284 So. 2d 452 | Fla. Dist. Ct. App. | 1973

284 So. 2d 452 (1973)

Ronald DANCY, Appellant,
v.
The STATE of Florida, Appellee.

No. 73-235.

District Court of Appeal of Florida, Third District.

October 16, 1973.

*453 Phillip A. Hubbart, Public Defender, and Mark King Leban, Asst. Public Defender, for appellant.

Robert L. Shevin, Atty. Gen., and William L. Rogers, Asst. Atty. Gen., and Gary M. Carman, Legal Intern, for appellee.

Before BARKDULL, C.J., and HENDRY and HAVERFIELD, JJ.

PER CURIAM.

Defendant-appellant was charged by information with (1) carrying a concealed firearm and (2) unlawful possession of a firearm by a convicted felon, tried non-jury, convicted on count # 1[1] and sentenced to two (2) years imprisonment.

On appeal, appellant contends that the trial court erred in denying defense's motion for judgment of acquittal where the evidence is legally insufficient.

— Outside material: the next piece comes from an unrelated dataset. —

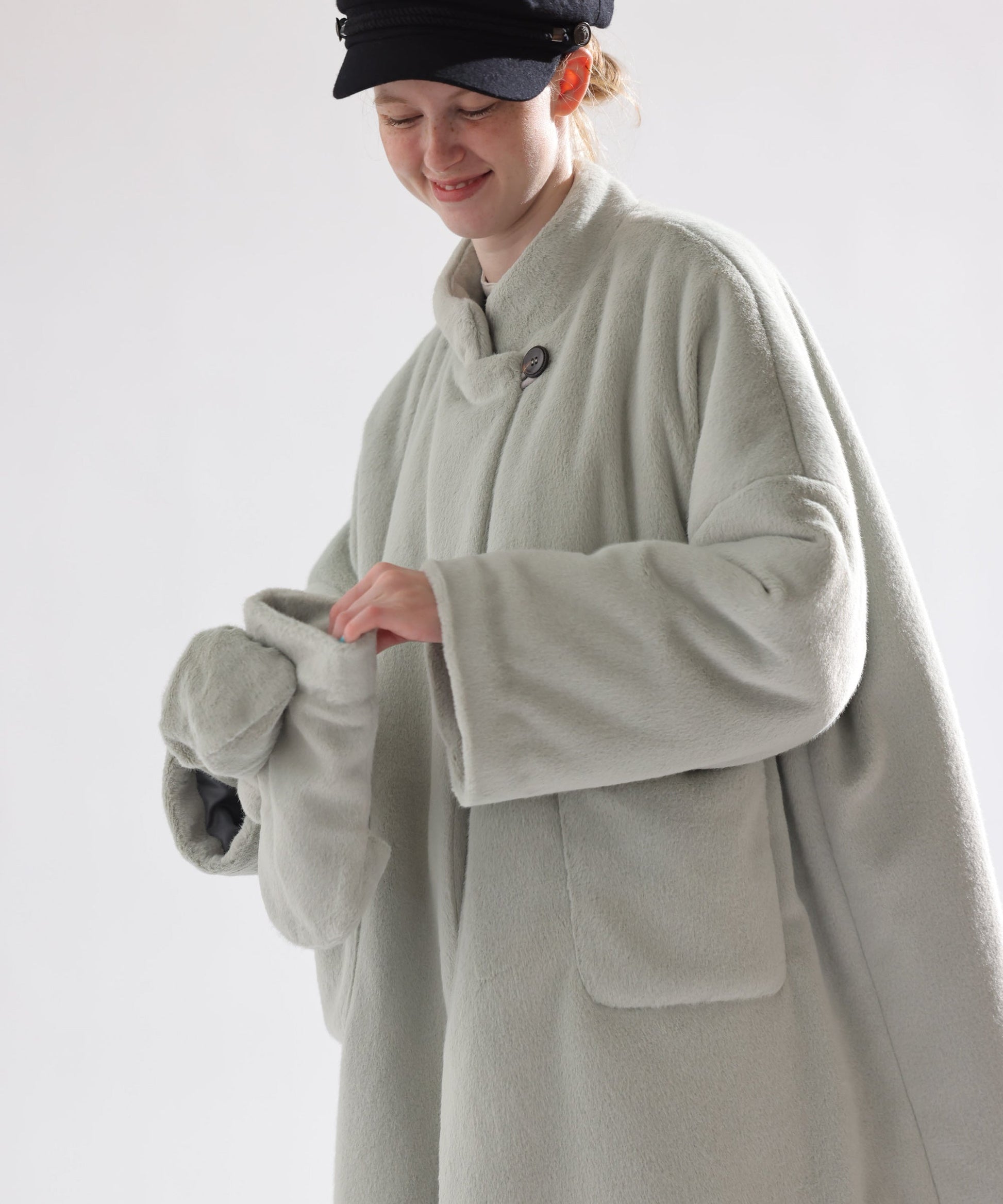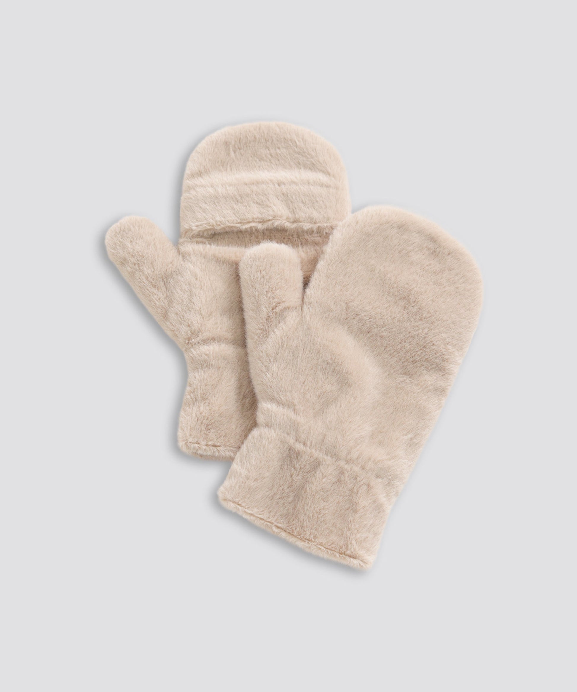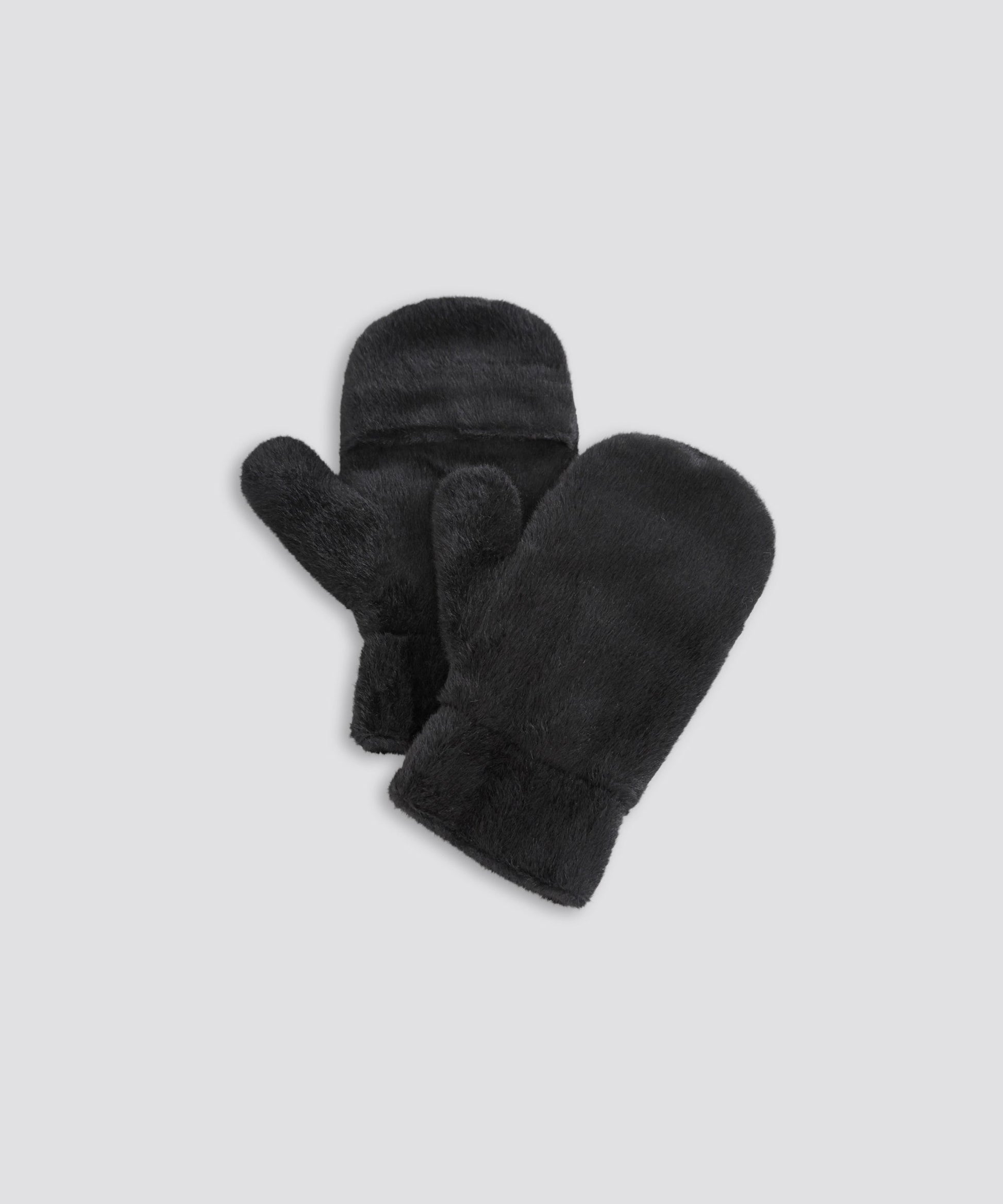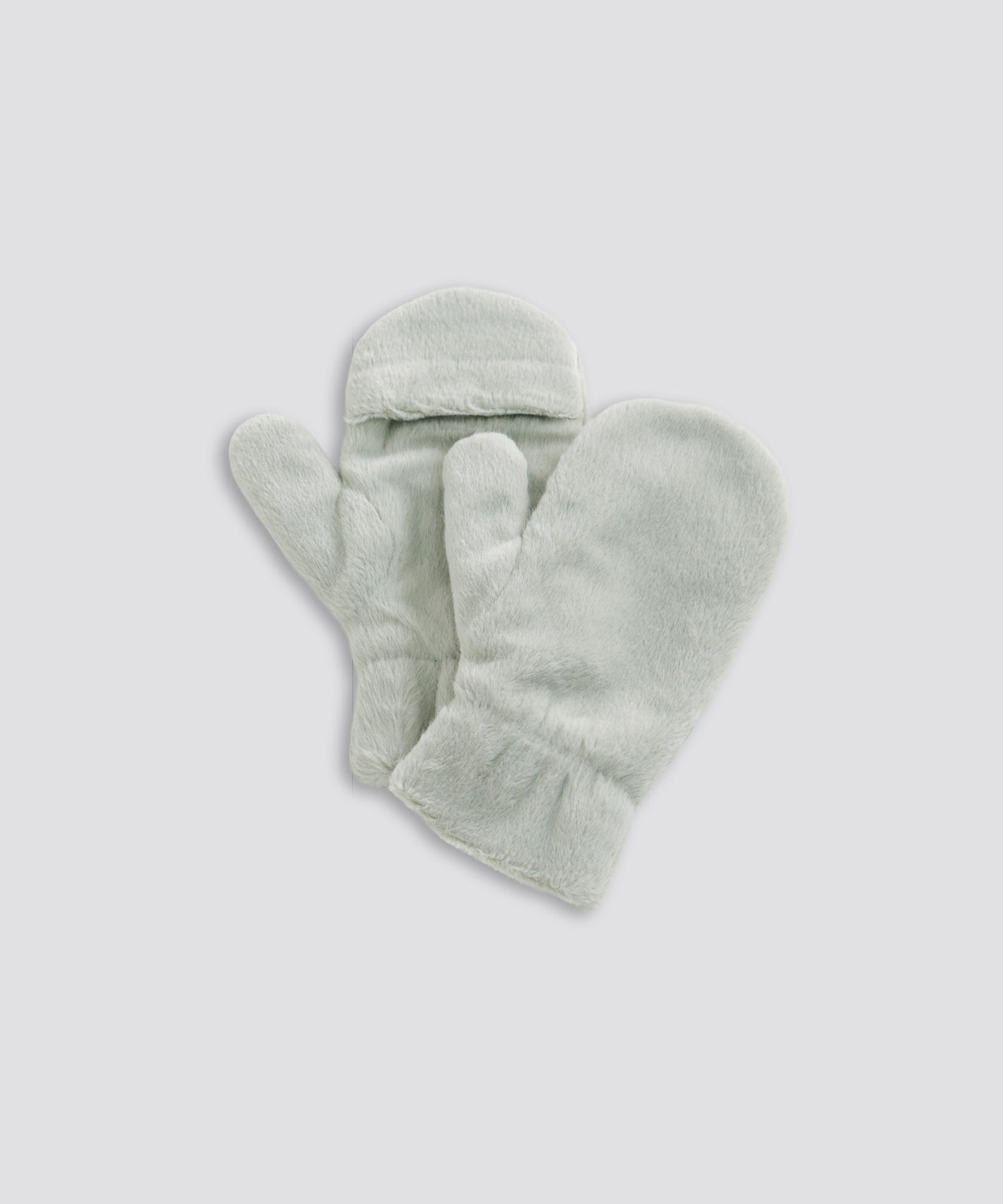 思わず触っていたくなるようなふんわり柔らかエコファーミトン。裏地はフリース素材を使用。

We cannot agree.

A defendant who moves for a directed verdict of acquittal admits all the facts in evidence adduced and every conclusion favorable to the state fairly and reasonably inferable therefrom. Lett v. State, Fla. App. 1965, 174 So. 2d 568; Dixon v. State, Fla.App. 1965, 180 So. 2d 681. After a thorough examination of the record, we conclude that there was substantial evidence with all reasonable inferences fairly drawn therefrom to sustain the judgment of conviction.

Accordingly, the judgment is affirmed.

Affirmed.

NOTES

[1] The state having abandoned count # 2.